It’s the time of year we think of life stopping – leaves have severed their umbilical cords and parachuted slowly down to the ground.
It’s the time of year we think of life stopping – leaves have severed their umbilical cords and parachuted slowly down to the ground. Mother Nature has pushed her Hold button so bears and other dreamers can find a comfortable place for their long winter’s nap.

Many cultures around the world – Anishinaabe and Haudenosaunee included -- celebrate a Feast of the Dead at this time of year, and of course there is the Christian tradition of All Saints and All Souls days.

Not to forget Remembrance Day, when we stand in silence for a mere two minutes to honour the many brave warriors who sacrificed their lives to make ours easier.

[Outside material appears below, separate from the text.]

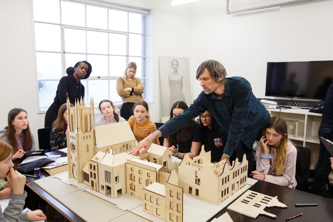Haworth Tompkins have hosted a workshop run by the Camden Highline Education Programme, in conjunction with Urban Learners. Associate Patrick Quinn taught the Year 8 and 9 students, from Parliament Hill School, how we use different types of drawings throughout the design and construction of a project. The activity that followed looked at short directed studies of our Pembroke College model, using a mixture of continuous line drawings, not looking at the page whilst drawing and mapping, and elevation studies. Picture by Luke O'Donovan

These events celebrate the lives of people whose physical beings have completed their journeys.

The first funeral I remember attending was that of my grandmother, Nellie Franklin Marsden. I was one of 72 grandchildren who descended from her and my Grandpa Moses, who served as elected Chief of the Mississaugas of Alderville.

I sat about halfway up a staircase in Anderson’s funeral home in the little village of Lakefield, keeping my distance from the strange drama that was playing out below me. None of it made any sense to me at the time. All I knew for sure was that Grandma would no longer be around to let me lick chocolate icing off her spoons.

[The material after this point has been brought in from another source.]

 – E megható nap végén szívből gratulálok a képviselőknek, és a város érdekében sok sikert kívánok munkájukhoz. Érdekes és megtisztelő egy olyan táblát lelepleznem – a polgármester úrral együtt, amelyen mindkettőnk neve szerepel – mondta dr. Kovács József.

What I now understand is that everyone’s life should count for something, and it is the duty of those they leave behind to contribute to their legacy.

In recent weeks my life has been touched by five deaths.

Albert Lalonde died in a tree-cutting accident, leaving behind wife Jeanette, four daughters, and four grandchildren. I never met anyone who was any prouder of his Native heritage than Albert, who, within seconds of meeting a stranger, would reach into a pocket and produce photos of his grandparents – Archie “Grey Owl” Belaney and his first wife Angele Egwana. Our cross-cultural training workshops will never be the same without Albert’s moose-meat stew and fried pickerel.

Violet Lauer’s death shocked members of North Bay’s Jewish community, occurring at a time when she was acting as primary care-giver to husband Ernest who had just been hospitalized. At community functions Violet was a model of soft-spoken dignity, enjoying the admiration of her family and friends. Ernest’s heartfelt remarks at the synagogue service demonstrated how strong the bond can be between husband and wife.

Derek Restoule was, in the words of a high school buddy, “always smiling, always in a good mood, and loved football and hockey.” His death following a bicycle accident was surely the hardest to bear. He was blessed with having a mother prepared to protect her children from anyone who threatened to do them harm. She agreed to donate his heart, lungs, kidneys, liver and eyes so that other children might lead longer lives than her son, who would have been 15 on Christmas Day.

Larry Beaucage was a talented soapstone artist whose bear carvings can be seen in Native craft stores across Northern Ontario. Mukwa inspired Larry, but couldn’t heal him in this life from the pain of his addiction. He was at his happiest with an electric guitar or fishing pole in his hands, and his ashes were spread on the Little Sturgeon River where he could finally be at peace. The night before, Larry’s spirit name was revealed to a Nipissing elder – Waabzhkii – White Bear Man.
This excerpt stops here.